Ecrit le 1 octobre 2014.

Mercredi 24 septembre 2014 avait lieu en France la journée de sensibilisation contre l’échec scolaire. C’est l’occasion, pour nous, de rendre hommage aux bénévoles qui se dévouent dans l’aide aux enfants, par exemple les associations Rencontres  , Relais-accueil-proximité et Outil-en-mains.

Mais que font les municipalités ? Il y a celles qui font tout pour favoriser la réforme des rythmes scolaires (par exemple dans les Com’Com’   de Nozay et Derval), il y a celles qui embauchent des animateurs diplômés pour cela (comme c’est le cas à St Vincent des Landes où des personnes qualifiées ont été embauchées pour : musique, jardinage, lecture, relaxation et jeux divers). Et puis il y a celles où on ne fait rien, comme dans la Com’Com’   du Castelbriantais où les maires boudent et n’ont pas voulu organiser des TAP (Temps d’Activité Périscolaire). Ces TAP sont pourtant l’occasion de faire découvrir autre chose aux enfants qui, chez eux, n’ont pas la chance de découvrir des activités culturelles.

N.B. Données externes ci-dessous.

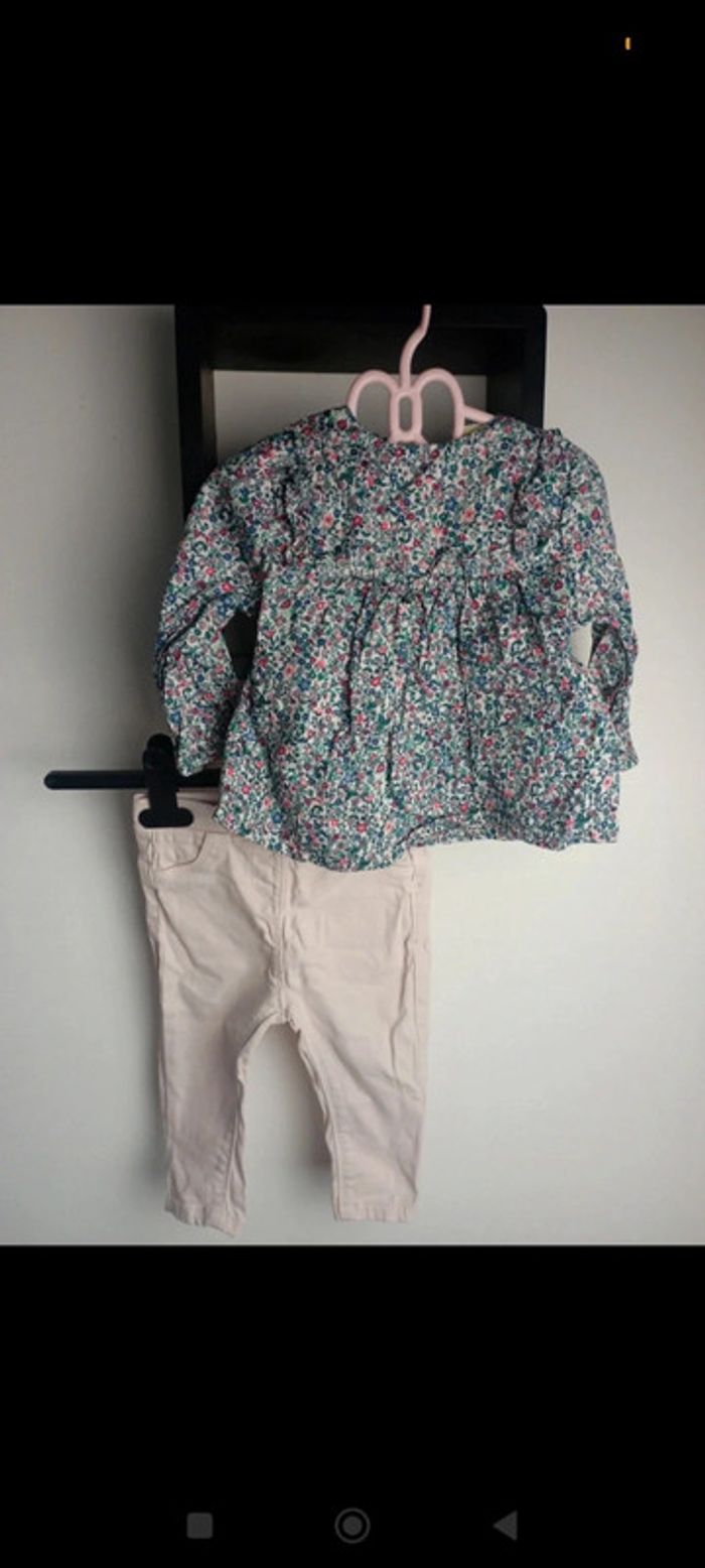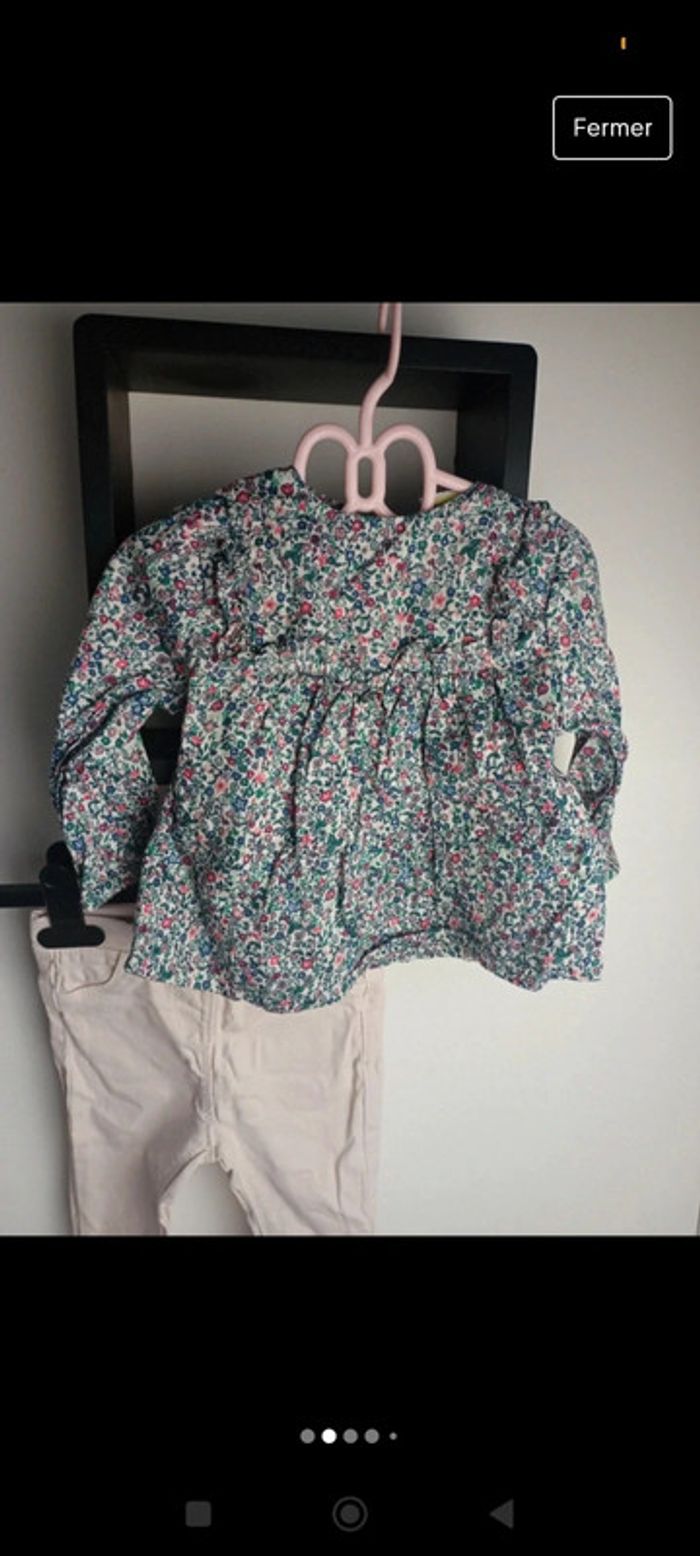 Tape a l'oeil 6 mois Très bon état , pantalon rose pâle très confort Et chemise fleuries très joli
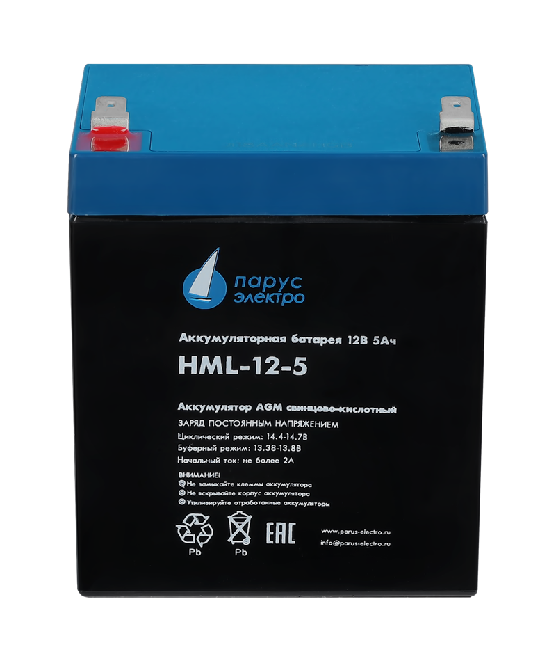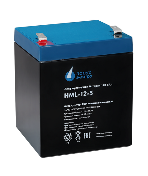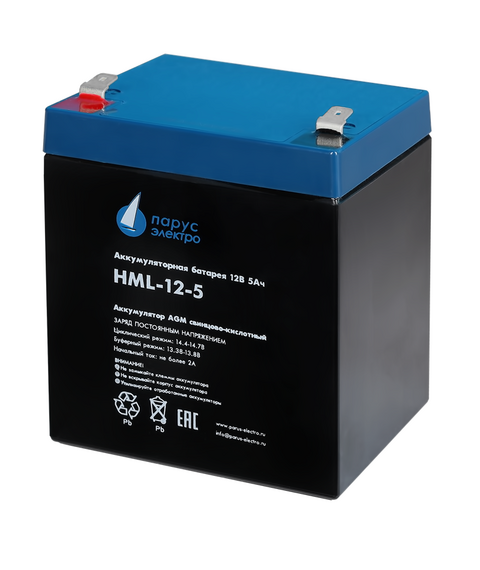 Батарея Парус электро HML-12-5 12В, 5.2Ач (разряд 20 часов), макс. ток разряда (5сек) 75А, макс. ток заряда 2А, свинцово-кислотная типа AGM, клеммы F2, 90х70х101мм
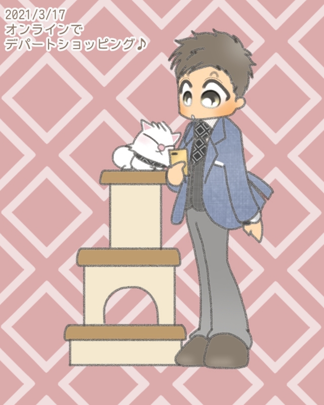 かすり風明るめ紺の《横からひらひらモード》のジャケット、
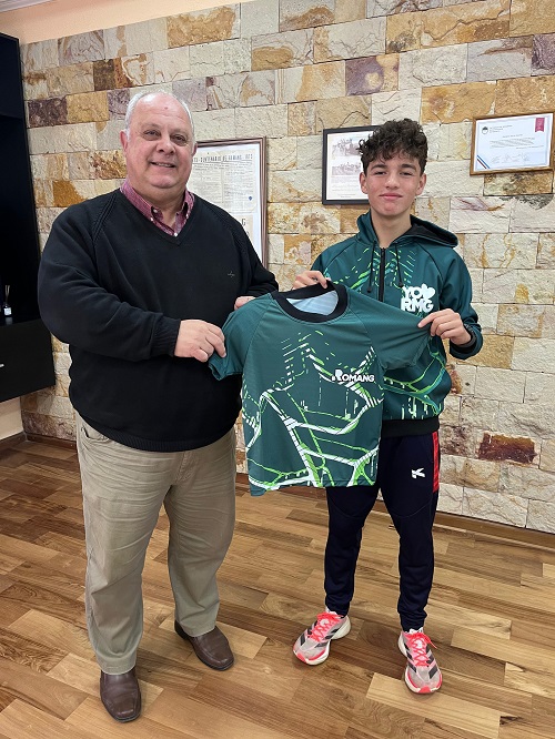 Durante el encuentro, el mandatario local hizo entrega de indumentaria deportiva identificada con los colores y el nombre de Romang, como reconocimiento al desempeño y compromiso del joven deportista.
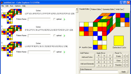 Если Вам лень изучать формулы сборки кубика Рубика, а собрать его все-таки хочется, то такая возможность имеется! В этом Вам поможет программа Cube Explorer 5.12 Герберта Коцембы, вычисляющая пути решения кубика с помощью двухфазного алгоритма. В дистрибутиве находятся два варианта этой программы, предлагающих решения в разных метриках: qtm и htm. В первом случае за один ход принимается поворот грани на 90 градусов, во втором одним ходом считается как поворот одной грани на 90 градусов, так и на 180...
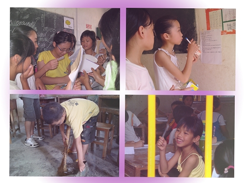 7月18日,教育学院清远队面向大湾镇大湾中学、中心小学、小联小学的义教历程正式开始,将于7月29日结束。义教内容按专题划分,分别为综合英语、交际英语、快乐阅读、中外文化、奥运知识、生活常识、语音语调、英语语法、英语写作等。每一专题下又分许多不同主题,如综合英语包括“家庭成员”、“花与茶”、“交通工具”、“职业”等主题,内容丰富多彩,形式灵活多样。
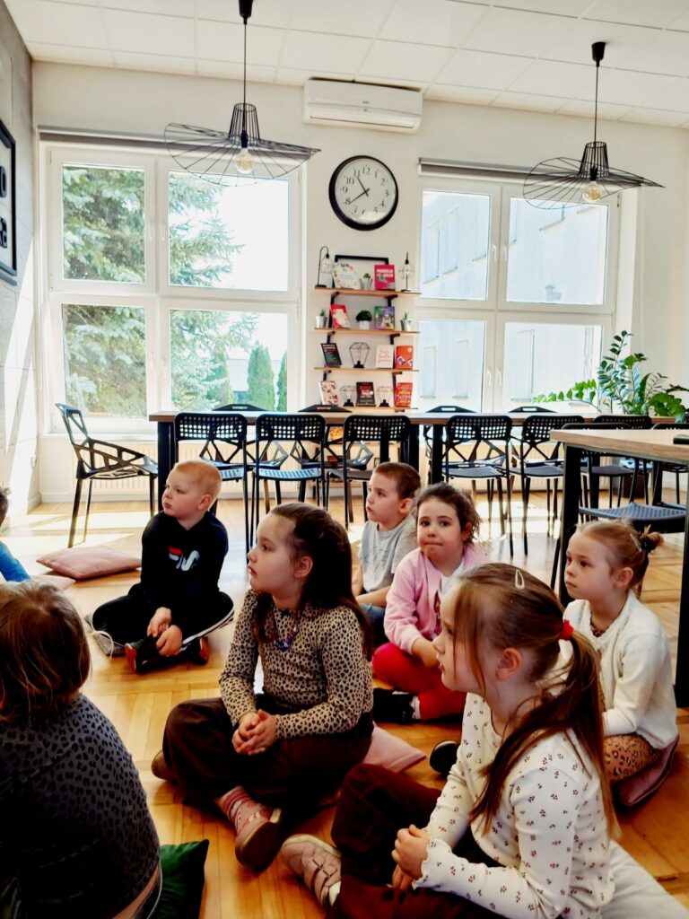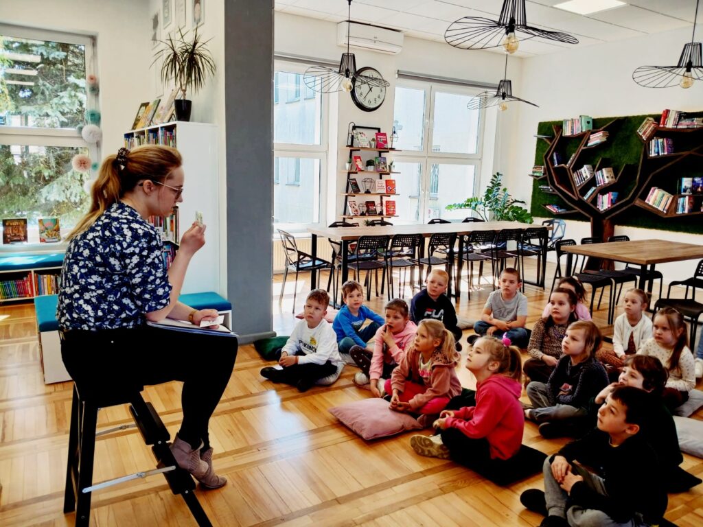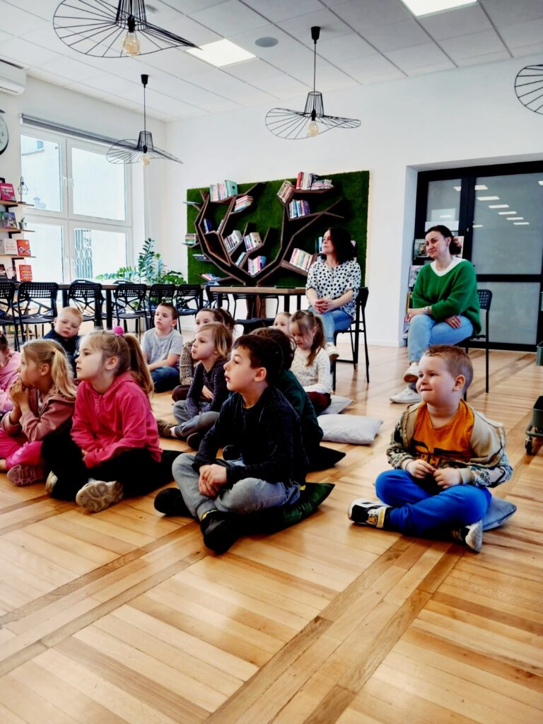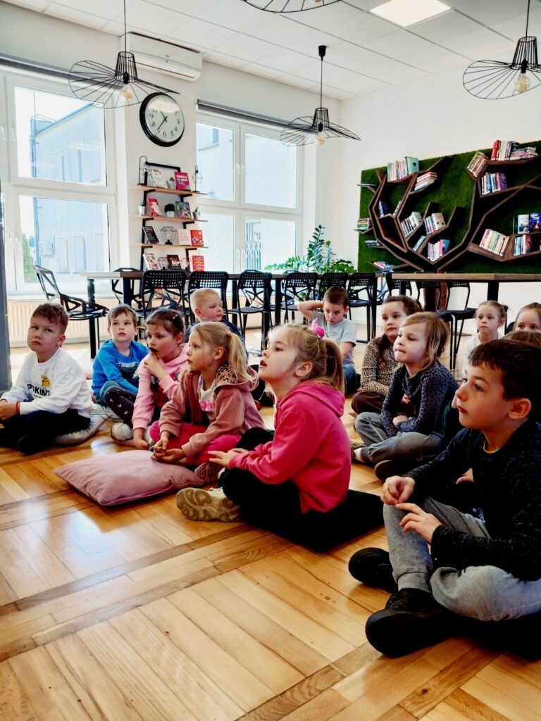 📚🐸 Wczoraj naszą bibliotekę odwiedziła grupa „Żabki” z przedszkola 🏫✨ w ramach lekcji bibliotecznej. Dla wielu dzieci była to pierwsza wizyta u nas 📖👧👦 – ale już zapowiedziały, że na pewno nie ostatnia 😊💛.
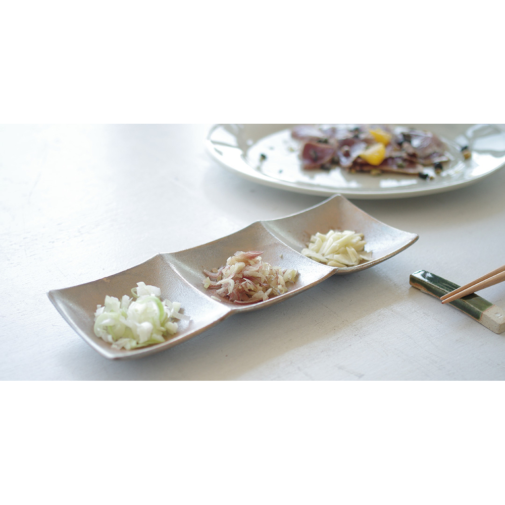 副菜を何品かのせたり、ソースやしょうゆを入れてタレ皿として使ったり、
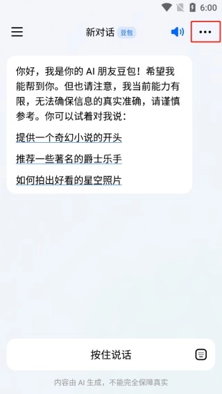 在新对话页面点击右上方三个点
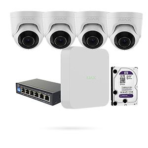 KIT AJAX 4 DOMECAM 8MP LENTE FIJA 2.8MM IA MICROFONO POE IP65 + NVR AJAX + HDD 1TB + SWITCH POE 4 PUERTOS NVR 8 CH
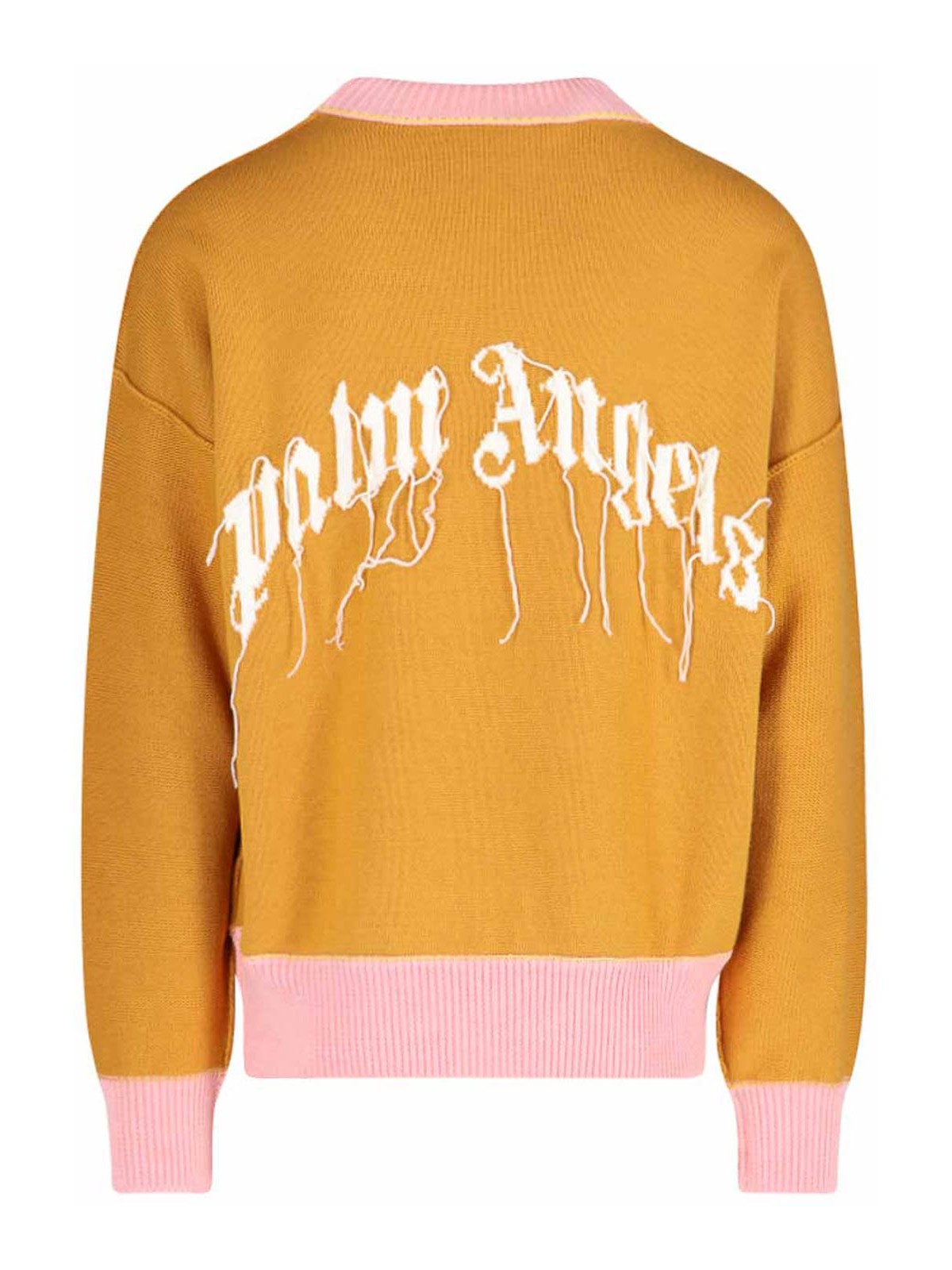 Palm angels bear sweater orange pink crewneck broken bear inlay front logo inlay back ribbed trims straight hem
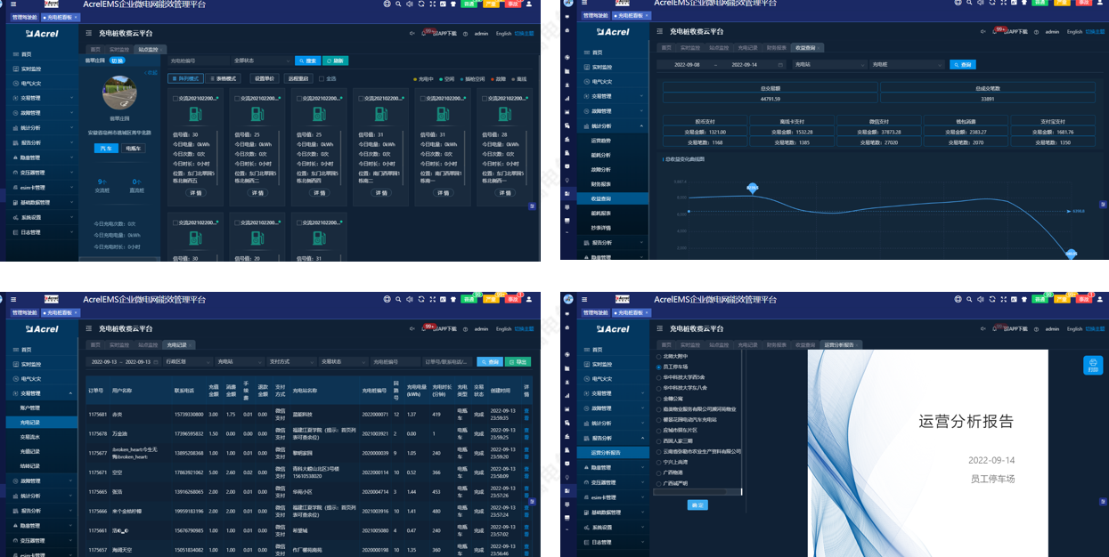 对平台和充电桩的运营情况进行统计,并生成财务报表和运营报告,包括用户充值信息、充电量/充电金额/充电时长等充电信息、用户充值记录、用户消费记录等
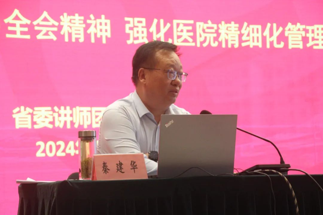 宣讲会上,秦建华以《贯彻二十届三中全会精神 强化医院精细化管理》为题作了专题讲座,他从二十届三中全会的重大意义、重要讲话精神、重大举措以及贯彻落实等多个方面出发,紧密结合统计工作,全面解读了全会精神实质和丰富内涵,剖析了全会精髓,聚焦了全面深化改革“为何改”“改什么”“怎么改”的精神特质。同时,立足医院统计工作实际,深入分析了统计工作对医院管理的重要意义。
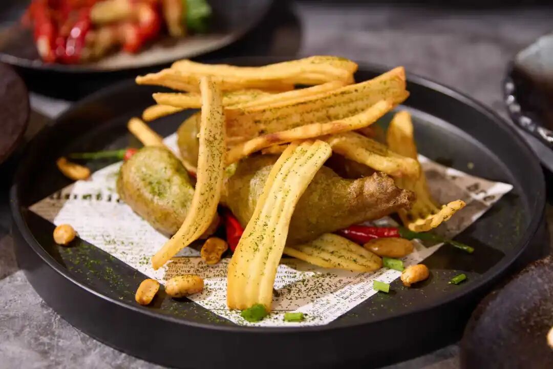 对于绝大部分餐厅而言,选用直薯条来创新菜品是最简单的做法,像蓝威斯顿有一款3/16''冷冻裹粉薯条,在经过超细原切后,比普通的1/4英寸薯条更纤细,酥脆感更集中。这种“极细身段”使薯条在各类爆炒、香煸的菜式中都能出彩,比如糖醋脆鳝香脆细薯条。

On sait pourtant que l’Atlas académique des risques d’échec scolaire, établi par l’Education Nationale, a placé le canton de Châteaubriant en ’’Cumul de fragilités’’ et les cantons de Rougé et Moisdon en ’’fragilité culturelle’’, tandis que le canton de St Julien est en ’’rural vieillissant’’.
(revoir le site goo.gl/7bAcUq ici : ).

Cette année, l’AFEV (Association de la Fondation Etudiante pour la Ville) a réalisé une étude quantitative auprès des enfants de CM1 / CM2 scolarisés en zones prioritaires (au sens de la politique de la ville et/ou de l’Education nationale) et dans des quartiers aux indicateurs socio-économiques plus favorables. Elle révèle que la famille est une ressource déterminante pour s’ouvrir au monde et que les différences sont importantes entre un quartier ’’prioritaire’’ et un quartier plus favorisé :

  • - Le week-end, courses au centre commercial pour les premiers et promenades dans la nature pour les autres.
  • - Partir en week-end ou en vacances ? Des occasions moins nombreuses pour les enfants des quartiers de l’éducation prioritaire
  • - Pour les enfants des quartiers de l’éducation prioritaire, c’est l’école plus que la famille qui permet des sorties culturelles.
  • - Les enfants des quartiers de l’éducation prioritaire font beaucoup moins que les autres un sport en club ou une activité artistique
  • - Moins de livres à la maison, moins de moments de lecture privilégiés pour les enfants des quartiers de l’éducation prioritaire.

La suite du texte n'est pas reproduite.